## WHAT YOU SHOULD DO
Examine each line of the data. Copy the line if it includes the word "très".

## DATA FOR THIS TASK
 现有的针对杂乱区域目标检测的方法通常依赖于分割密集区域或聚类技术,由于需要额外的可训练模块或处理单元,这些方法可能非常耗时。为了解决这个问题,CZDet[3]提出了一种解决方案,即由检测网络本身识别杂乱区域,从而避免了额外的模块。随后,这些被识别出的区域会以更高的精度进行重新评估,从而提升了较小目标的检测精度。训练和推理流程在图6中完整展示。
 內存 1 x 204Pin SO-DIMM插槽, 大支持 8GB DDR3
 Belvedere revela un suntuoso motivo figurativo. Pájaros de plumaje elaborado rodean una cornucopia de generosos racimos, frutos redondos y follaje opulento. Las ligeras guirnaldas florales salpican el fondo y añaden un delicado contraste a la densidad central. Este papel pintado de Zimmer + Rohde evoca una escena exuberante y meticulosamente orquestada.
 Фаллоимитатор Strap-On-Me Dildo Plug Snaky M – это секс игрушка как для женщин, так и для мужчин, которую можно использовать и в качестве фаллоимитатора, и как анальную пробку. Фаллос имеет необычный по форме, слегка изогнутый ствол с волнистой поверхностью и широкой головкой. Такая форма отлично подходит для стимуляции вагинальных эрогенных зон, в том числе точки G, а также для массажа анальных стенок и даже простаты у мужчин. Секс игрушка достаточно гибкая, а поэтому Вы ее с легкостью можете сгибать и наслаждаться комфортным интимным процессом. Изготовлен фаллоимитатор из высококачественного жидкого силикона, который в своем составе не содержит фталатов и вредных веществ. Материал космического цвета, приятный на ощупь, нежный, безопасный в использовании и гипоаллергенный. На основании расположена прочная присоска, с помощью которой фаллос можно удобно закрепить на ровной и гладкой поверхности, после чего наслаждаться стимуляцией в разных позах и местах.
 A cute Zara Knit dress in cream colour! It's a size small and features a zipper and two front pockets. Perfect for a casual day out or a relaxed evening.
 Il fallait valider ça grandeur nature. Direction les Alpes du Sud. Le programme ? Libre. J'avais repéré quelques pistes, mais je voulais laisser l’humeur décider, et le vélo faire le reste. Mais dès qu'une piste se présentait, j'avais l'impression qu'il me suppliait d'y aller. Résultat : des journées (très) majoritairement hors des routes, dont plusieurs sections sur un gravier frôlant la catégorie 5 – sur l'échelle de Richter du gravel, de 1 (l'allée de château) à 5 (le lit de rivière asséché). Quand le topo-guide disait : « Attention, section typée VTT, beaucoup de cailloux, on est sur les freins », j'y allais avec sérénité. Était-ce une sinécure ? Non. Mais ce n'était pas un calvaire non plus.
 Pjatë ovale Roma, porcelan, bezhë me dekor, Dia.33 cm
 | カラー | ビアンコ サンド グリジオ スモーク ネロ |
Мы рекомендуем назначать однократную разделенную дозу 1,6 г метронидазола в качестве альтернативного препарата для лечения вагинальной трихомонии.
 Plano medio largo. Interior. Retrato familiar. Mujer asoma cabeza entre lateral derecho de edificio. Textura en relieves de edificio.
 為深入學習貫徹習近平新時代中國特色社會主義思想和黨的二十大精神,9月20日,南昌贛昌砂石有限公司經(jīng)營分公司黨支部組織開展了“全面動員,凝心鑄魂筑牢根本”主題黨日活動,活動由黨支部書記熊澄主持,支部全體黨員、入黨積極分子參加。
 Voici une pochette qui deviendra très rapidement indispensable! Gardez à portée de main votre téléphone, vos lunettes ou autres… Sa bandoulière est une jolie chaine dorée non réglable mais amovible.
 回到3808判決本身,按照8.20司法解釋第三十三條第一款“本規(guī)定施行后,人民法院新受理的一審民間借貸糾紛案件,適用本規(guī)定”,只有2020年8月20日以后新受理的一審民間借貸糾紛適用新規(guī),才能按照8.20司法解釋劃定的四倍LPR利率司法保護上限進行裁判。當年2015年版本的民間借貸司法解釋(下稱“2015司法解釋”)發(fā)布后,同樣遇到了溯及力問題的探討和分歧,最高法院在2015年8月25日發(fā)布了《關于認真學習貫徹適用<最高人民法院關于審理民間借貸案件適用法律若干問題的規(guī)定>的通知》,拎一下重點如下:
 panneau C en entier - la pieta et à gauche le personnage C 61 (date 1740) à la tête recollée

## SOLUTION TO THIS EXERCISE
 Il fallait valider ça grandeur nature. Direction les Alpes du Sud. Le programme ? Libre. J'avais repéré quelques pistes, mais je voulais laisser l’humeur décider, et le vélo faire le reste. Mais dès qu'une piste se présentait, j'avais l'impression qu'il me suppliait d'y aller. Résultat : des journées (très) majoritairement hors des routes, dont plusieurs sections sur un gravier frôlant la catégorie 5 – sur l'échelle de Richter du gravel, de 1 (l'allée de château) à 5 (le lit de rivière asséché). Quand le topo-guide disait : « Attention, section typée VTT, beaucoup de cailloux, on est sur les freins », j'y allais avec sérénité. Était-ce une sinécure ? Non. Mais ce n'était pas un calvaire non plus.
 Voici une pochette qui deviendra très rapidement indispensable! Gardez à portée de main votre téléphone, vos lunettes ou autres… Sa bandoulière est une jolie chaine dorée non réglable mais amovible.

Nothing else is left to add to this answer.